Your instructions:
Only the lines from the line containing "Miniaturní 4kanálový zesilovač" to the end of the material belong in the copy; set them down exactly, without pictures.

::::::::

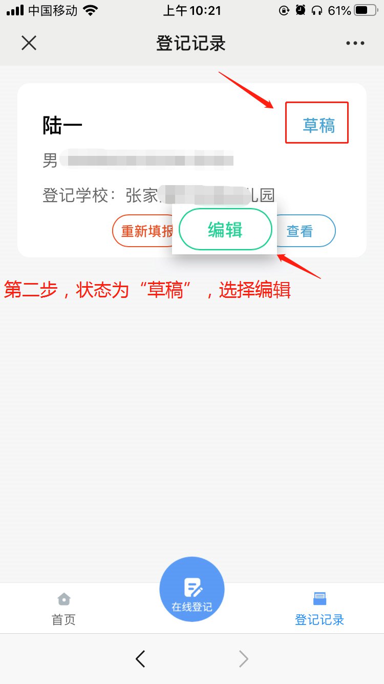 如果提示提交失败,该学生已存在登记记录,说明家长之前在填写登记表时曾退出。
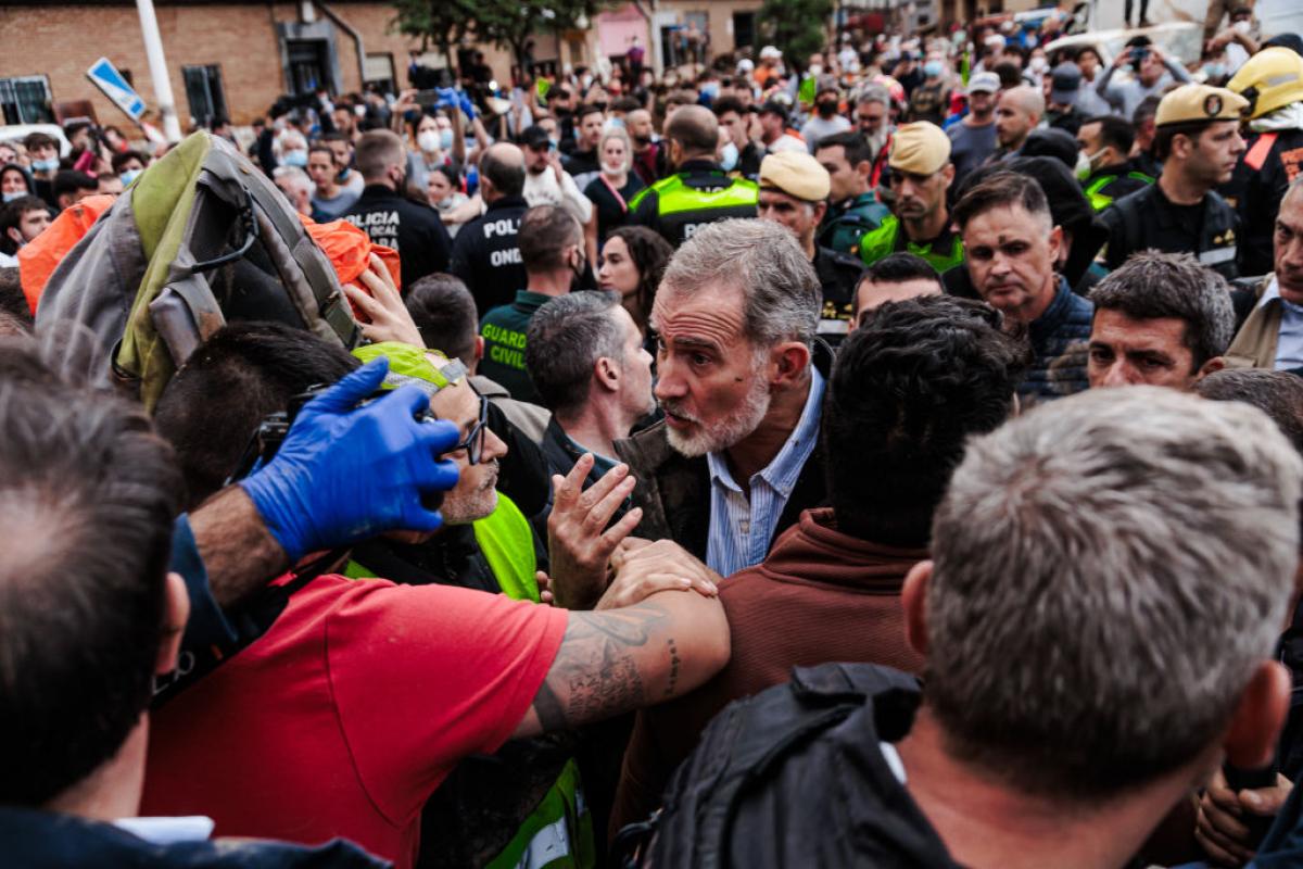 Estos, sin embargo, han sido recibidos entre gritos de "fuera", "asesinos" y lanzamiento de barro a su llegada a las calles céntricas de Paiporta, la denominada "zona cero" de la DANA. A pesar de ello, los monarcas han tratado de hablar con algunos de los voluntarios y habitantes del lugar que se han acercado a ellos.
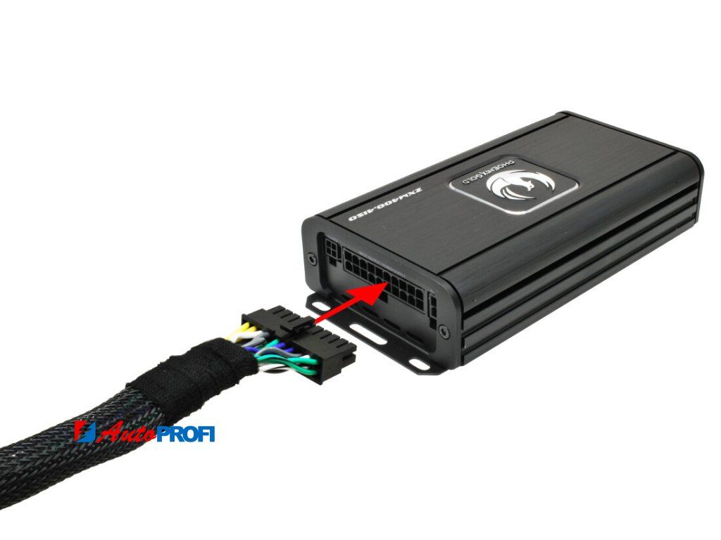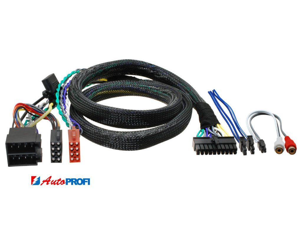 Miniaturní 4kanálový zesilovač s kabelovým svazkem zakončeným ISO konektory pro snadnou instalaci Plug & Play
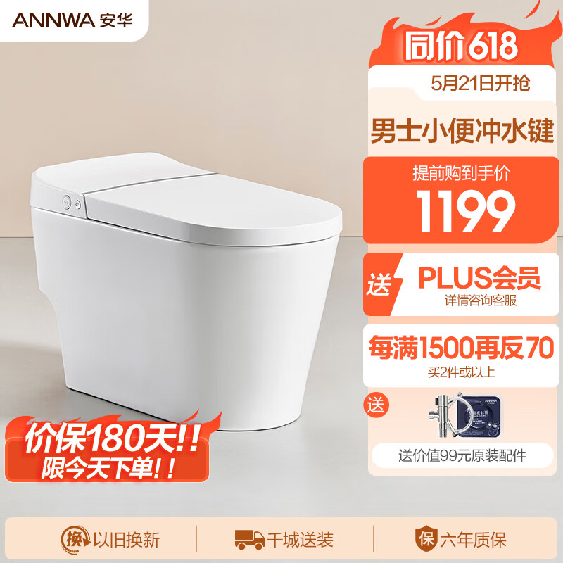 安华智能马桶一体机低水压可装半智能马桶喷射虹吸轻智能坐便器X607L价格:1509.00元!
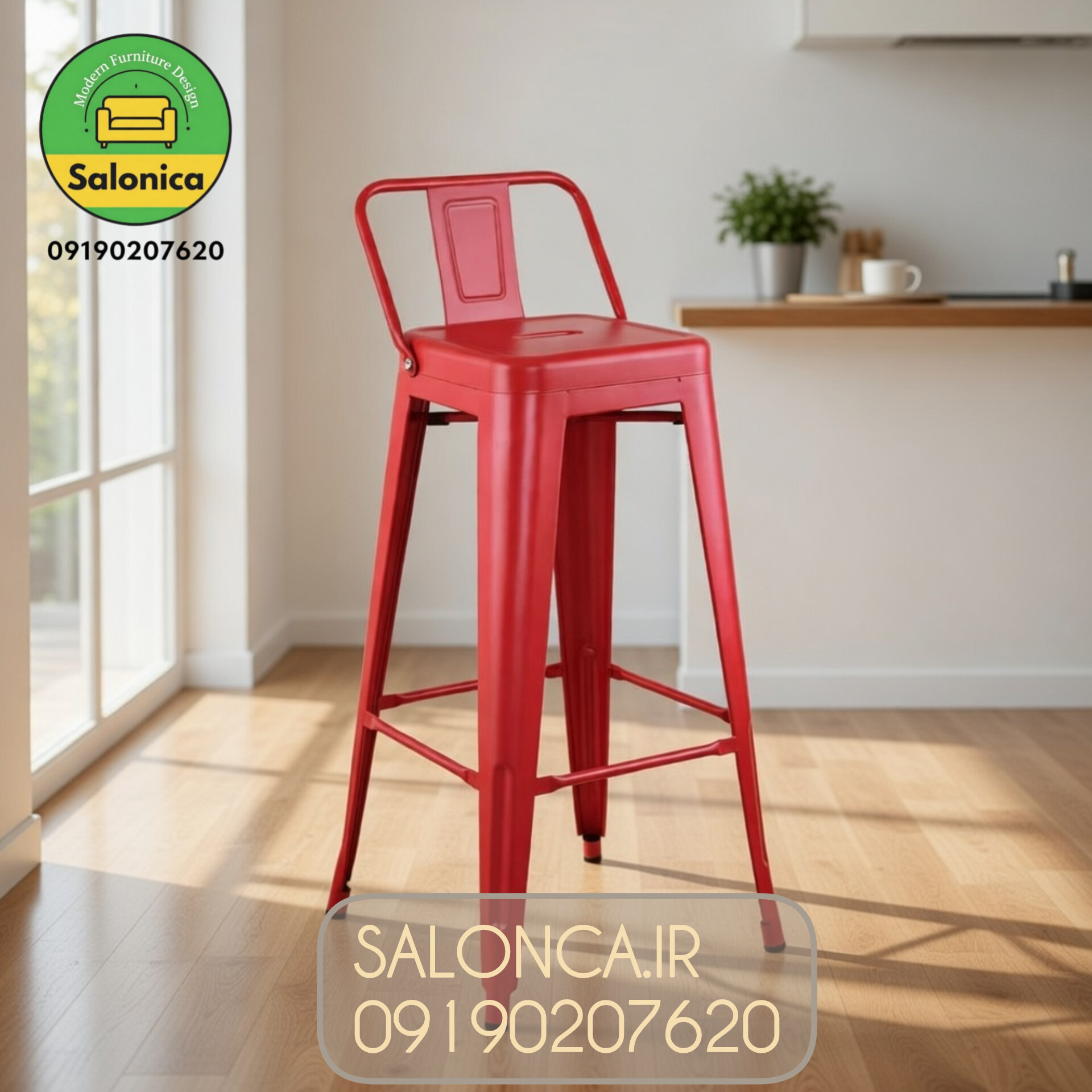 دارای پشتی و بدون دسته دارای پایه ثابت و رکاب دار ضدرطوبت مناسب برای مصارف خانگی،رستوران ها و کافی شاپ
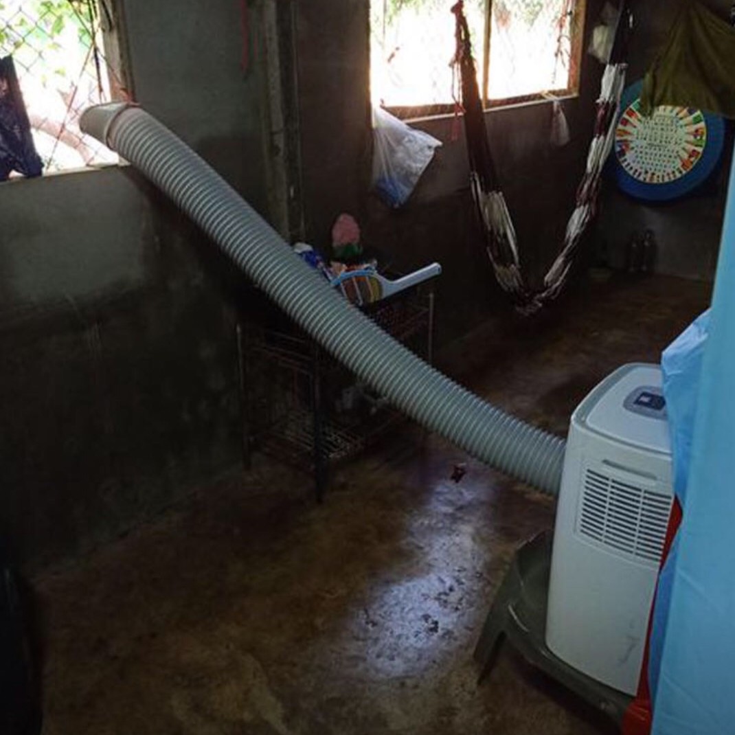 ต่อให้แน่นและจัดท่อให้ตรงที่สุด โค้งขึ้นเหนือแอร์เล็กน้อยเพื่อช่วยให้ลมร้อนลอยขึ้น ลดการย้อนกลับเข้าห้อง

::::::::

Response to the exercise:
 Miniaturní 4kanálový zesilovač s kabelovým svazkem zakončeným ISO konektory pro snadnou instalaci Plug & Play
 安华智能马桶一体机低水压可装半智能马桶喷射虹吸轻智能坐便器X607L价格:1509.00元!
 دارای پشتی و بدون دسته دارای پایه ثابت و رکاب دار ضدرطوبت مناسب برای مصارف خانگی،رستوران ها و کافی شاپ
 ต่อให้แน่นและจัดท่อให้ตรงที่สุด โค้งขึ้นเหนือแอร์เล็กน้อยเพื่อช่วยให้ลมร้อนลอยขึ้น ลดการย้อนกลับเข้าห้อง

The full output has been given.